Alt Energy Smackdown

The question we put to them was this: Wind, solar or biofuels? Which do you think will have the biggest impact first?

Like any group of people, our LinkedIn group is not without its wisecrackers. As Bob White, president and chief engineer at Embedded Power Labs, put it: "Wind and biofuels are simply different ways of harvesting solar power." While he's certainly correct, we could just end the discussion saying that all life and forms of energy on the planet wouldn't exist without the sun, so it's really all just various forms of solar power. But what fun would that be? So, on with the discussion ...

Weighing in on behalf of biofuels was Daniel Johnson-O'Mara, an instrumentation technician at the University of Iowa Power Plant. "Storage is the principle problem (when it comes to) megawatts of solar and wind," he said.

Storage issues aside, biofuels definitely had its detractors. "I usually get angry when I see someone mixing biofuel with renewable energies like wind and solar," said Emilijan Iljoski, general manager at EiP Elektronika Co. He maintains that biofuels are as polluting as oil or coal, plus the fact that setting aside crops for biofuels manufacture leads to food cost and production issues for humans worldwide.

Chris Stergiou, a mechanical and manufacturing system engineer, doesn't consider biofuel a renewable energy source and therefore gives his nod to solar. "Since it is practically unlimited, relatively low efficiencies are tolerable as long as practical amounts can be converted with minimum physical footprints," he said.

Taking a different tack on the discussion, Andrew Wright, machine design and electronics sales at Wright Track Enterprises Inc., suggests that it is not a question of which will have the most impact based on its own merits as an energy source.

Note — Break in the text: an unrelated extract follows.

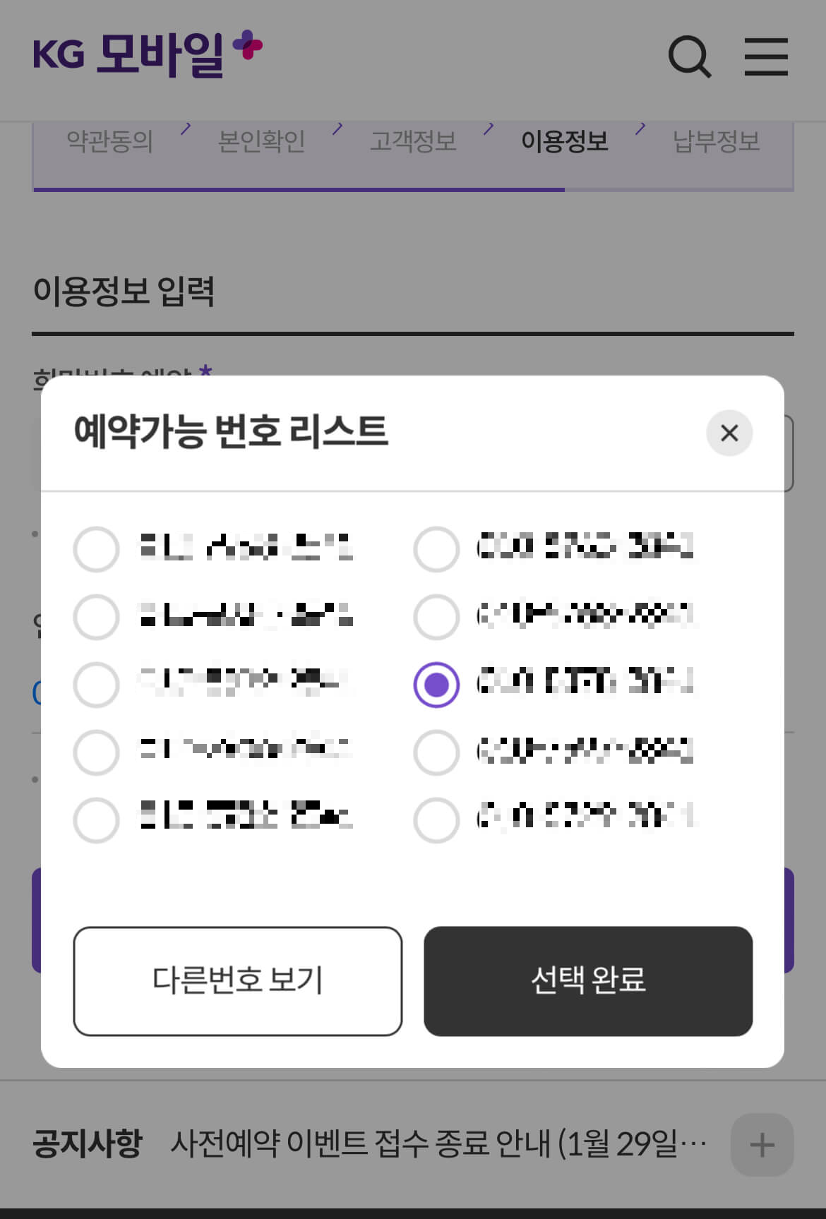 사전정보입력이 끝나면 신청서를 작성합니다. 약관동의를 해 주신 후, 예약가능 번호리스트에서 원하는 번호를 골라줍니다. 뒷자리를 지정하시면 가능한 전화번호가 10개 제시됩니다. 저는 마음에 드는 번호가 없어서 아래 [다른 번호 보기]를 눌러보았는데 다른 번호가 나오지는 않더라고요. 그냥 있는 번호 중에 골라서 [선택완료]를 눌렀고, 휴대폰이 한번 꺼졌다가 켜지면서 개통이 완료되었습니다.

Instead he contends the answer will be all about which one experiences the biggest comeback (since none of them are new) once people "finally grow tired of rising fuel prices."

Based on his own experiences in building an off-the-grid home, Wright said that "while my county's building restrictions aren't prohibitive, trying to get someone to insure the home has proven a challenge." He added that in North Dakota (where he's building), the "individual and business tax incentives for adding alternative energy sources to your property were low to non-existent last time I checked."